Given that our sequenced specimens represent such a limited sample across the distributional range of the complex, very many additional species undoubtedly occur. This is particularly the case given the almost complete lack of overlap in occurrence of sequenced species from Western Australia, Northern Territory, and Queensland, and is reflected by a very large proportion (22 of the 50 species) of them being represented in the Darwin collection by single records. More than half of our sequenced species occur in the Northern Territory, but this matches the geographical variation in sampling intensity and therefore does not necessarily reflect patterns of regional diversity. Although far fewer species were collected from Western Australia (13) and Queensland (11), these figures would undoubtedly increase markedly with increased sampling intensity. This is especially the case for Queensland, most of which is not represented by samples. If diversity in Queensland and Western Australia were similar to that in the Northern Territory, as appears likely, then the M. ajax complex would comprise >100 species.

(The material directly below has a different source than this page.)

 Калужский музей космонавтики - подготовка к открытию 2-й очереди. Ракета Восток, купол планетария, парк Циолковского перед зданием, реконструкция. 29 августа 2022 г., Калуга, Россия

The six major CO1 clades show clear geographic structure: Clade A has two subclades, one from the Northern Territory and the other from North Queensland; species from Clade B are known only from far eastern Queensland; species from Clade C occur primarily from the central monsoonal region, with one (C7) extending into the central arid zone; and species from Clades D-F all occur primarily or exclusively in the Top End of the Northern Territory. This is indicative of extensive speciation within different regions of the monsoonal zone. Only one species (C7) is known from outside the monsoonal zone, occurring widely in the central arid zone, including in South Australia. Many of the species have broadly overlapping distributions. The most intensively sampled area is the Darwin-Kakadu-Nitmiluk region of the western top end of the Northern Territory, and 15 of our recognised species (C5, D1-4, D7, E1-3, 5, F1-4, X3) occur there.

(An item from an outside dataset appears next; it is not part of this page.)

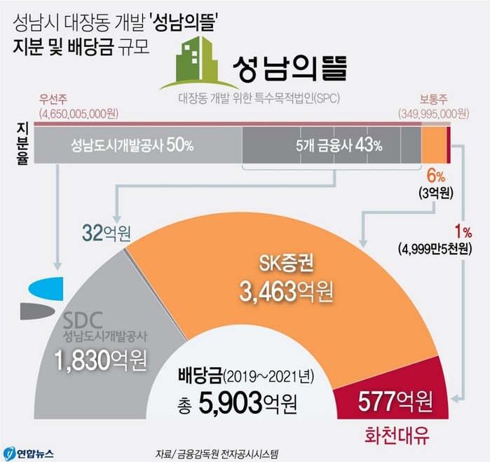 문재인 정부 들어 부동산 가격이 폭등하면서 배당 첫 해인 2018년부터 지난해까지 성남시는 우선주로 1830억원을 배당받았다. 성남의뜰 지분 6%를 보유한 SK증권은 3463억원을, 화천대유 소유주인 언론인 출신 A씨는 보통주로 577억원을 받았다.

Clypeal structure was highly variable, both within and among the six major CO1 clades. In clades A and B, the medial carina tended to project at most feebly beyond the anterior margin, whereas each of the other clades included species with spinose projections as well. Such variability within a clade indicates that clypeal structure is evolutionarily labile. Variation in clypeal structure is presumably related to variation in the preferred seeds of these granivorous species. The limited available information suggests that different species within the M. diversus group are highly selective in their seed preferences. Meranoplus snellingi Schödl specialises on seeds of the annual grass Sorghum intrans [18], and three species occurring at the same site in Kakadu National Park all had very different seed preferences [19]. It is possible that such seed specialisation has driven clypeal specialisation and species radiation.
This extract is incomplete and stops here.